Realizing that a substantial chunk of the savings she and her husband put aside for retirement was gone, Deborah started recognizing this was not what it appeared to be.
The turning point involved a bank transaction in the UK.
Bernard was finally on his way back home to California. He sent Deborah the details of his flight the night before he was to fly.
The next morning, he called her from the airport.
“He was at the airport,” she said. “I could hear airport noise.”
But another call comes in from Bernard after a slight flight delay. He says security is stopping him and he is not allowed to board. He tells her he will call her back.
When he calls back, he is heading for jail.
“He was being detained because his accountant was caught embezzling $4 million from all of his clients,” Deborah said. The man who was supposed to be paying Bernard’s taxes to the Canadian government for doing business there had absconded with all his money. He now needed to get funds to get out of jail by paying the $400,000 in taxes he owed to the Canadian government.
Bernard told her he is going to make her the beneficiary of the money in his London account so she can write the check to pay for his taxes and then transfer the rest of the money to him when he got home.

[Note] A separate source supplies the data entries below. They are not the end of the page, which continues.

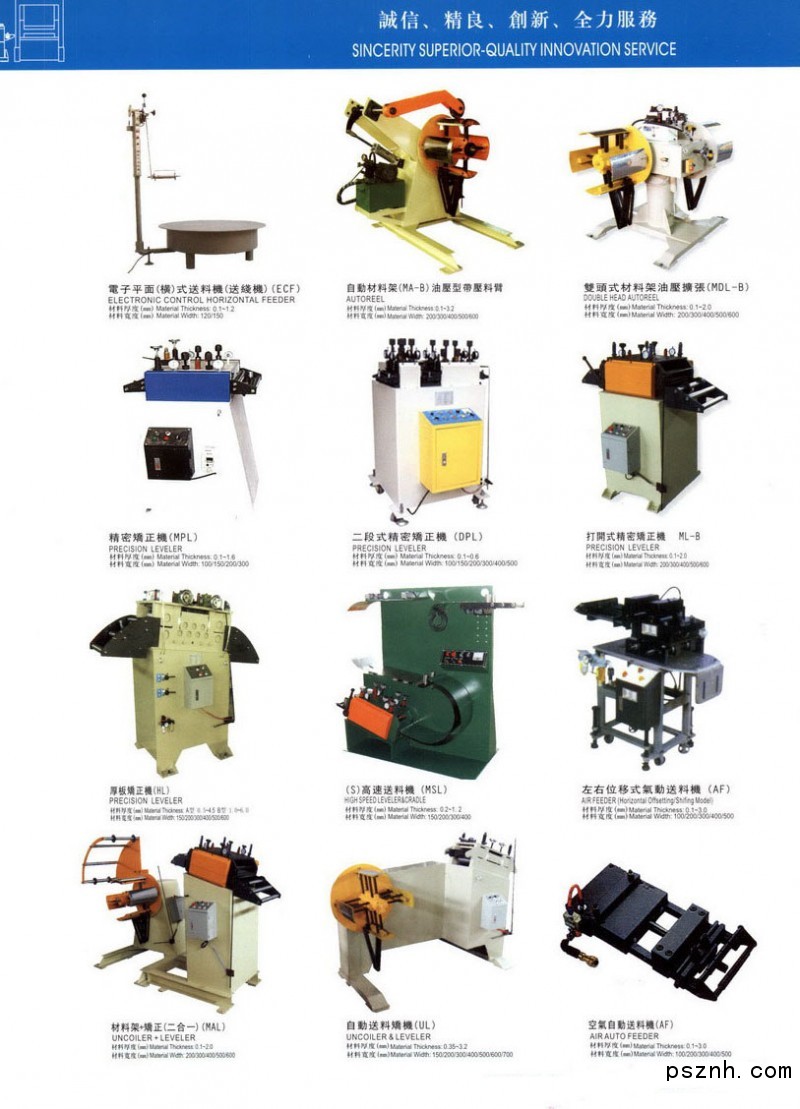 公司自成立以來,緊跟國際沖壓自動化行業(yè)發(fā)展趨勢,引進德國、意大利、美國、日本等同行業(yè)的國際先進設(shè)計理念,自主研發(fā)并生產(chǎn)銷售一系列沖壓自動化行業(yè)內(nèi)領(lǐng)先產(chǎn)品:NC精密整平送料機(三合一)系列、NC數(shù)控左右偏擺送料機系列、雙伺服高速送料機系列、及各類沖壓自動化機械手產(chǎn)品系列,并獲得多項中國專利。產(chǎn)品遠銷歐洲、美洲、日本即東南亞。
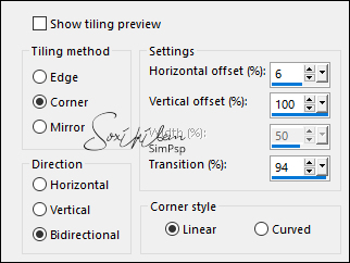 10 - Image > Resize: 50%, all layers desmarcado. Effects > Image Effects > Seamless Tiling: Side by Side. Layers > Duplicate. Layers > Properties: Opacity 50%. Layers > Merge > Merge Down. Layers > Properties: Blend Mode Luminence (Legacy).
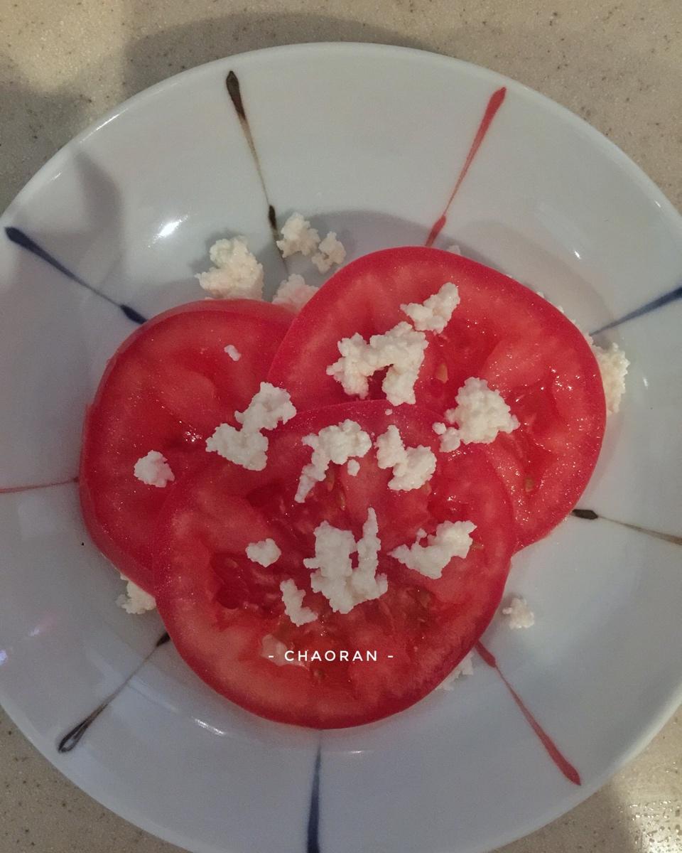 【第331天】Cottage cheese with tomato, salt and pepper. 做好的茅屋奶酪,...
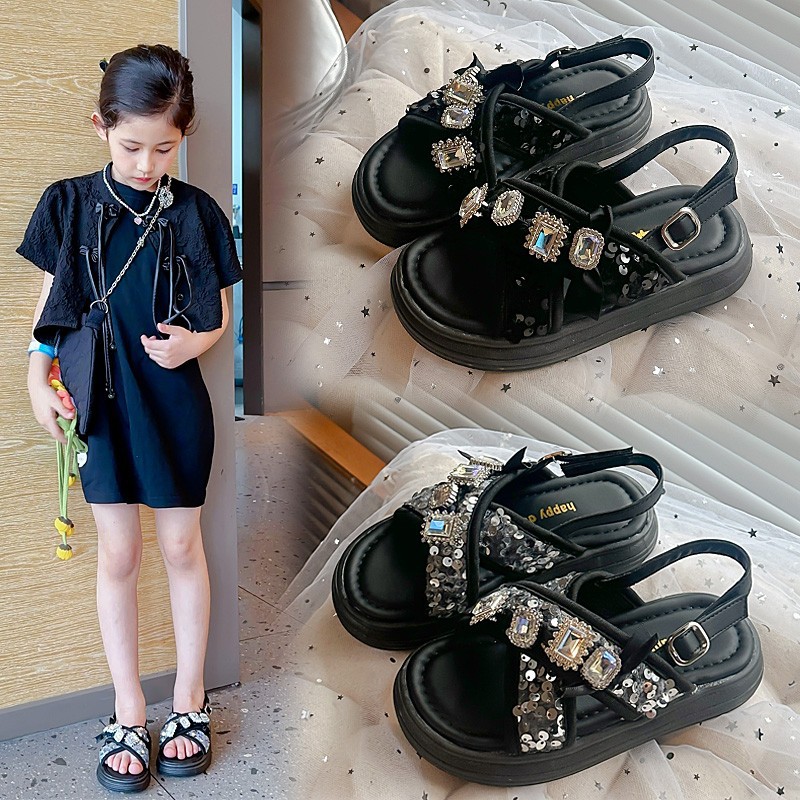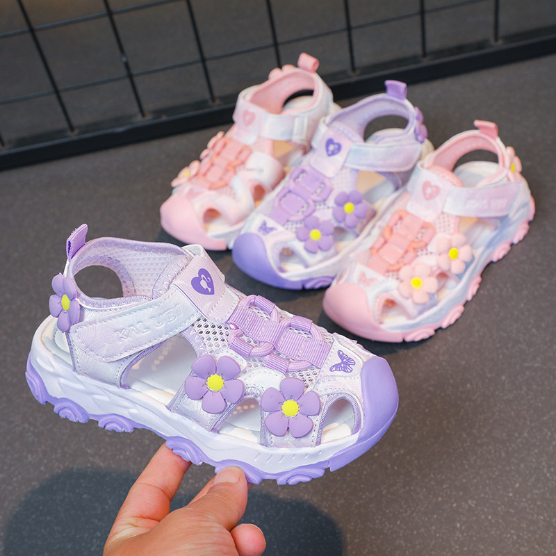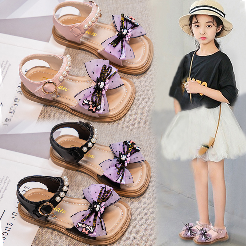 子供ファッションお姫様サンダル2024夏の新型カジュアルシューズ子供用ソフト底洋気ビーチ靴卸売り

“Again, I’m thinking, well what’s the harm in this?” she said. Meanwhile, Bernard was becoming more desperate and demanding in their exchanges and her uneasiness with the situation continued to grow.
While emailing with the bank in London she noticed an odd discrepancy in the letterhead from the bank.
The banker’s signature line on the letterhead was different from his email address.
“I saw that right away and I said to Bernard, I don’t know if I trust this,” she says.
Bernard agreed and said he would write an email and copy her on it.
In response, the banker explained that the bank has different domain names depending on different transactions.
He suggested she come to London for two days so she can sign all the papers and get them notarized.
“I am not going to London,” she says. “Are they out of their minds? They say, OK, we can do it by proxy, but you have to send a fee of $26,000.”
That’s when reality set in. Deborah called the bank’s main branch and told them the situation. She sent all the documentation between her, Bernard, and the fraudulent banker. Two weeks later she got a call from the head of the legitimate bank’s fraud office in London.
“That’s when I heard it from some outside official person,” she said. She was then referred to the head of global fraud at the bank’s Toronto office who contacted DHS in Los Angeles. They took up the investigation to track down Bernard and the complex crime organization he was likely connected to.
“Three days later, I’m eating breakfast in my robe and there’s a knock on my door and there are two guys standing there and they’re telling me they’re agents with DHS (Department of Homeland Security),” she said. “I was so paranoid. I am thinking, no, you’re fake. You’re part of the whole scam.”
The two agents finally earned Deborah’s trust and she agreed to use a recording device in a call to Bernard, among other ways of gathering evidence. HSI also put Deborah in touch with an emotional support group and she joined a private support group for Victims of Romance Scammers on Facebook. She is getting help from a therapist to learn to trust again.
“It’s hard to forget as I am left with this enormous debt, which reminds me every day. It has been a year and a half now. I just try to take it one second, one minute, one day at a time,” Deborah said.